• **Data under study**
Content starts
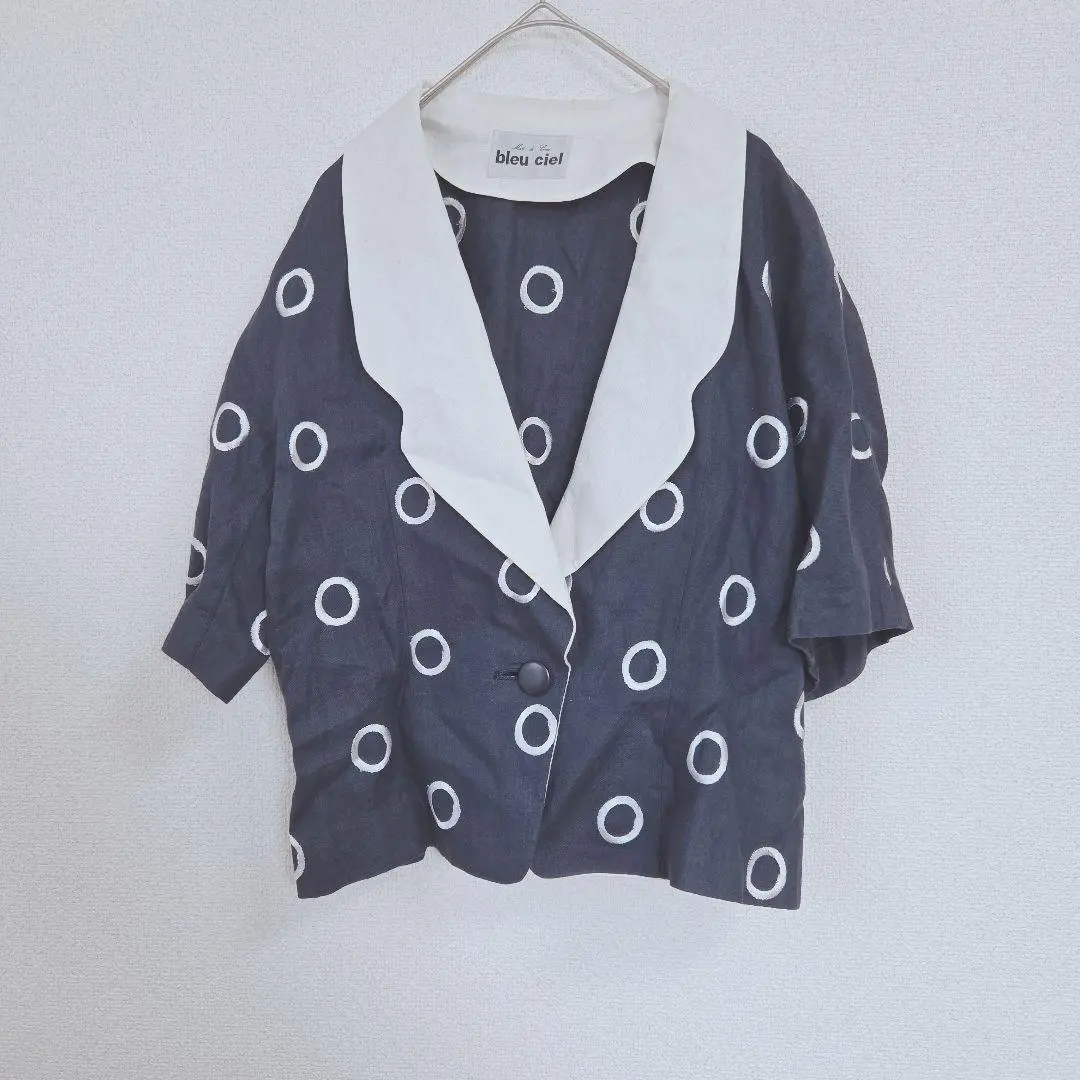 麻 ドット ジャケット ネイビー ホワイト フロントボタン 薄手
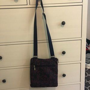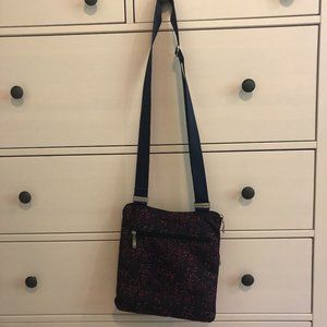 This is a great carry-on bag to take with you anywhere. It has many different pockets to store whatever you need for your trip. There is also a small purse that is attached to the bag and it is located on the big pouch on the inside. This bag is a perfect size to take with you and doesn't take up much space at all!
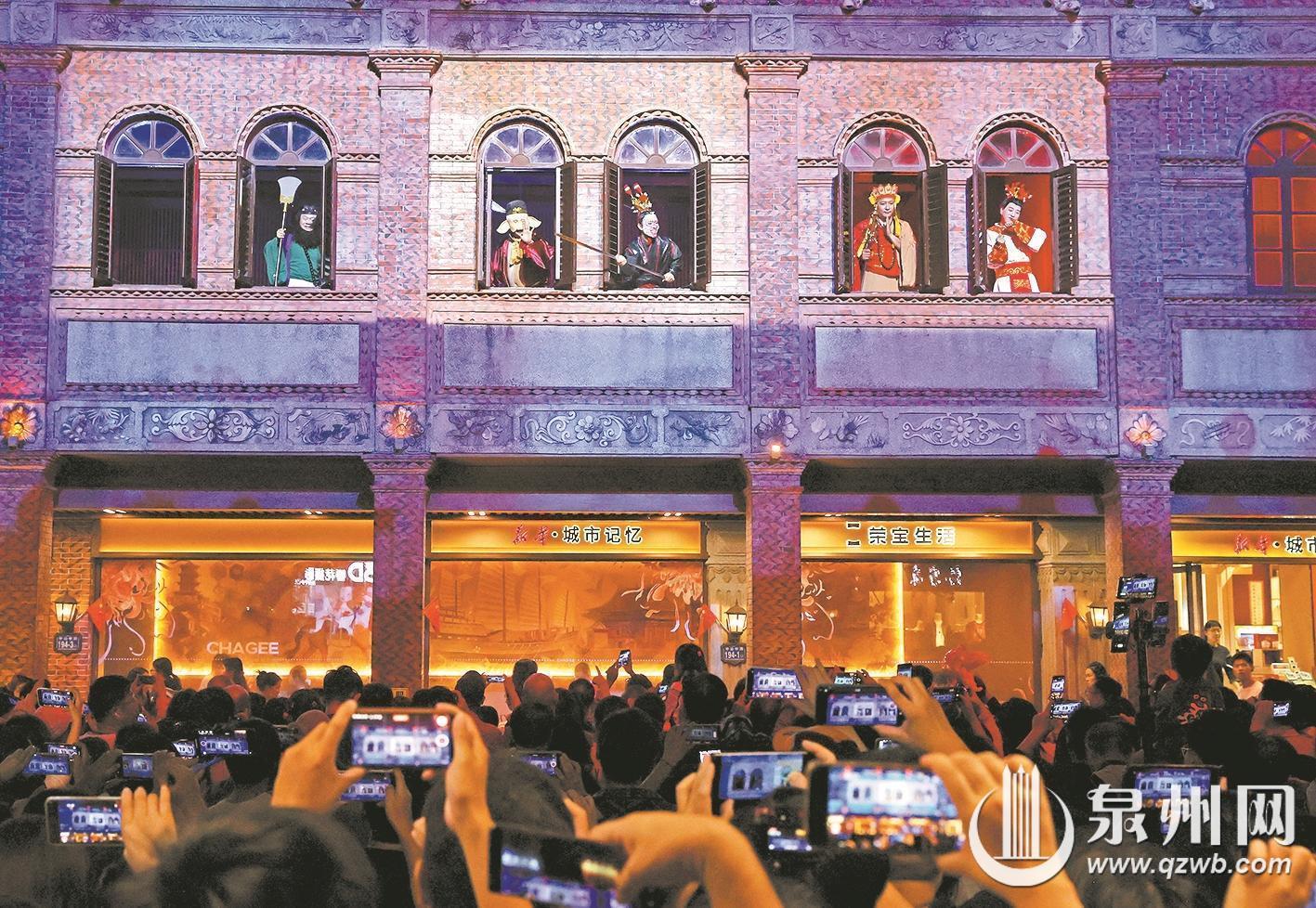 昨晚,泉州中山路“刺桐幻幕”推出全新创排的国潮动漫主题演出,融合AR投影与光影特效技术,打造沉浸式观影空间,“圈粉”众多市民和游客。(融媒体记者王柏峰 摄影报道)
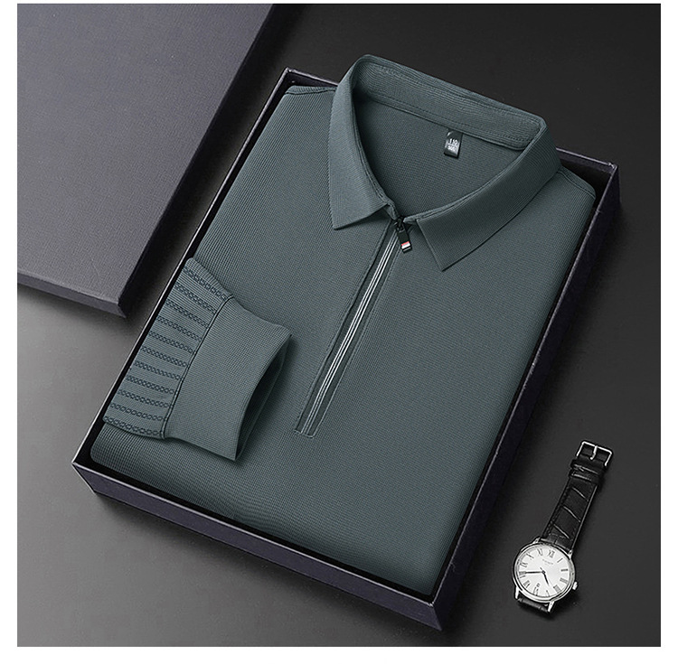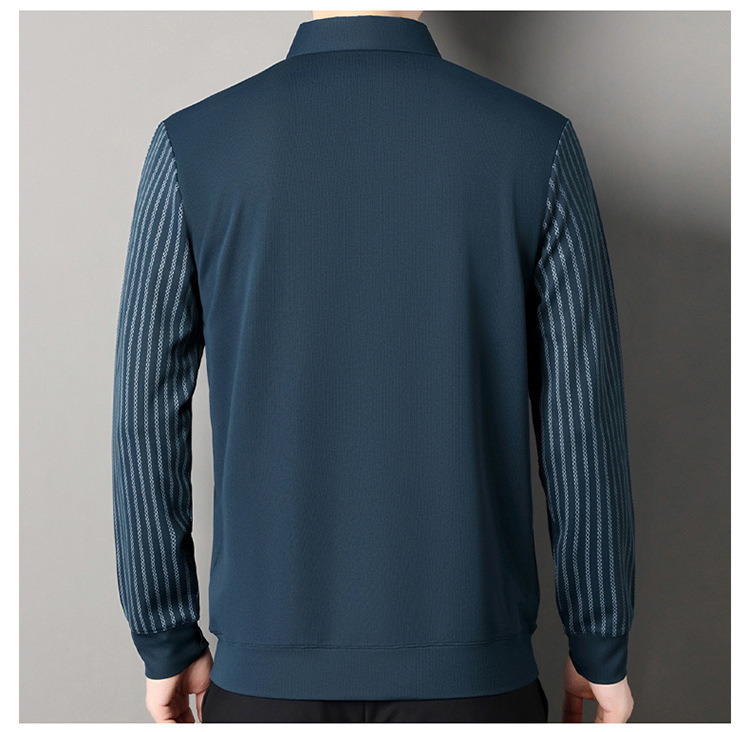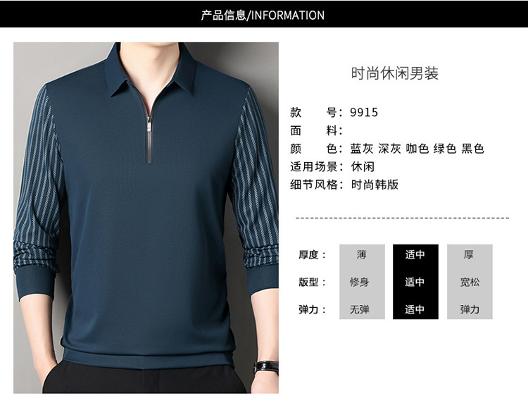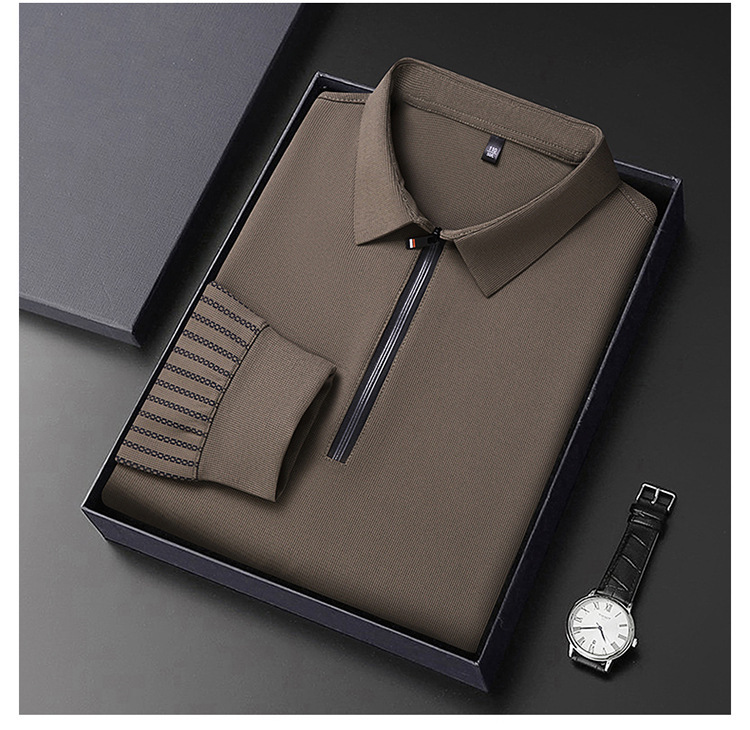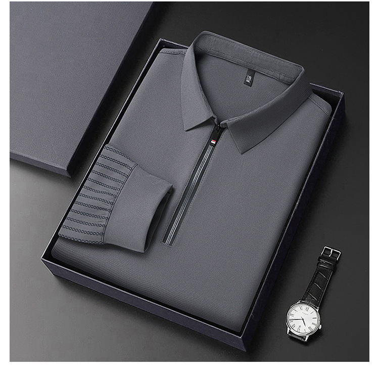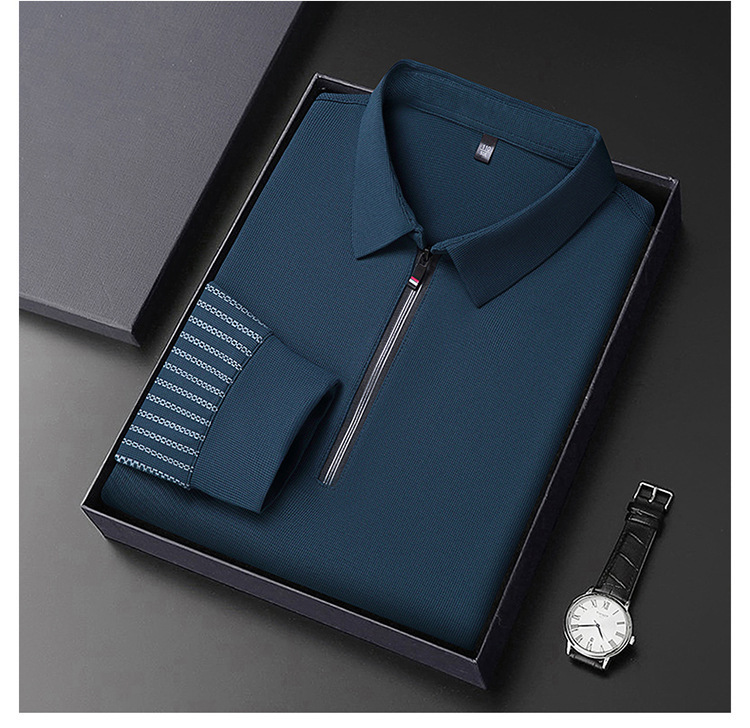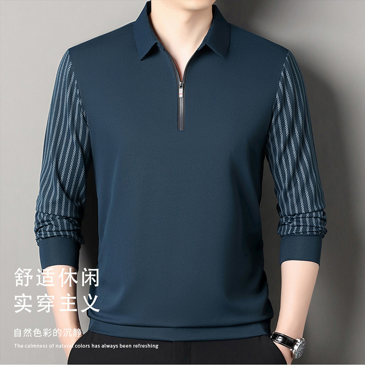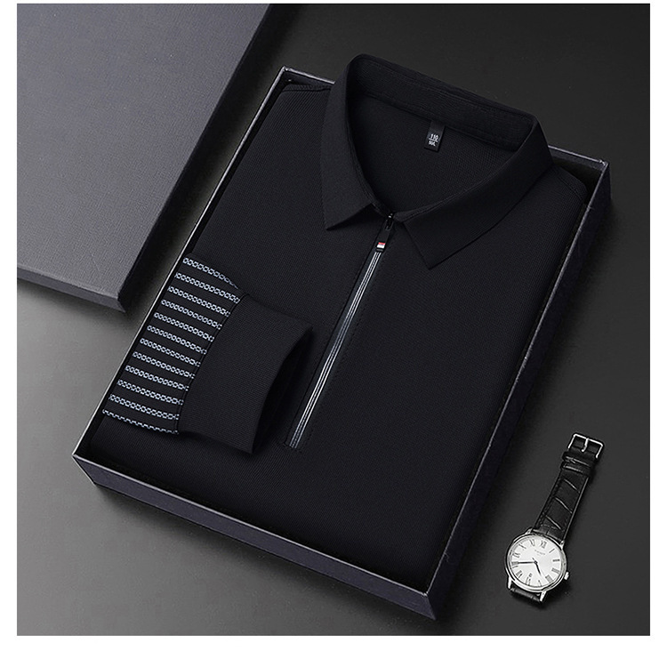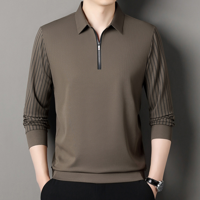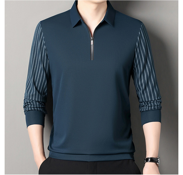 남성용 원활한 긴팔 폴로 셔츠 라이트 럭셔리 슬리브 패턴 가을 새로운 느슨한 스티칭 청소년 옷깃 올매치베이스 셔츠
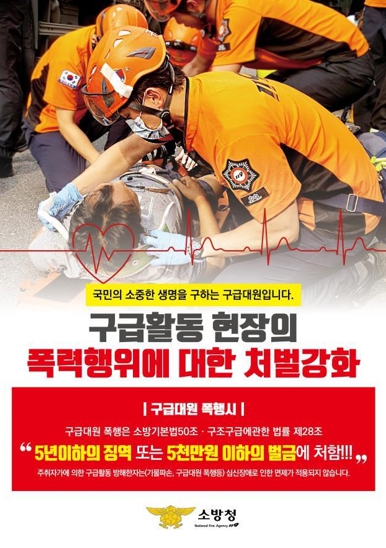 이에 소방서는 구급대원 폭행 피해 예방을 위해 다기능 조끼 및 웨어러블 캠 등 장비 확보, 폭행 피해 예방·대응을 위한 교육, 홈페이지·SNS 등에 구급대원 폭행 근절 홍보 등을 추진하고 있다.
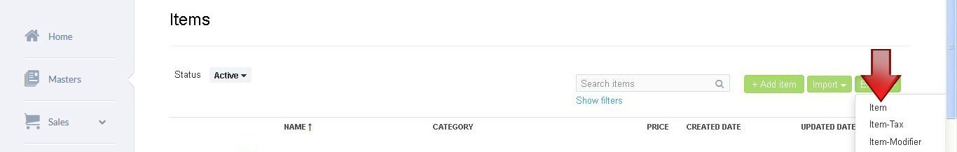 1. Select Masters > Item. An Items screen is displayed. Select Export
Content ends
• **Task goal**
Only the text of the material belongs in your copy, which must match the original exactly.

• **Answer space**
 麻 ドット ジャケット ネイビー ホワイト フロントボタン 薄手
 This is a great carry-on bag to take with you anywhere. It has many different pockets to store whatever you need for your trip. There is also a small purse that is attached to the bag and it is located on the big pouch on the inside. This bag is a perfect size to take with you and doesn't take up much space at all!
 昨晚,泉州中山路“刺桐幻幕”推出全新创排的国潮动漫主题演出,融合AR投影与光影特效技术,打造沉浸式观影空间,“圈粉”众多市民和游客。(融媒体记者王柏峰 摄影报道)
 남성용 원활한 긴팔 폴로 셔츠 라이트 럭셔리 슬리브 패턴 가을 새로운 느슨한 스티칭 청소년 옷깃 올매치베이스 셔츠
 이에 소방서는 구급대원 폭행 피해 예방을 위해 다기능 조끼 및 웨어러블 캠 등 장비 확보, 폭행 피해 예방·대응을 위한 교육, 홈페이지·SNS 등에 구급대원 폭행 근절 홍보 등을 추진하고 있다.
 1. Select Masters > Item. An Items screen is displayed. Select Export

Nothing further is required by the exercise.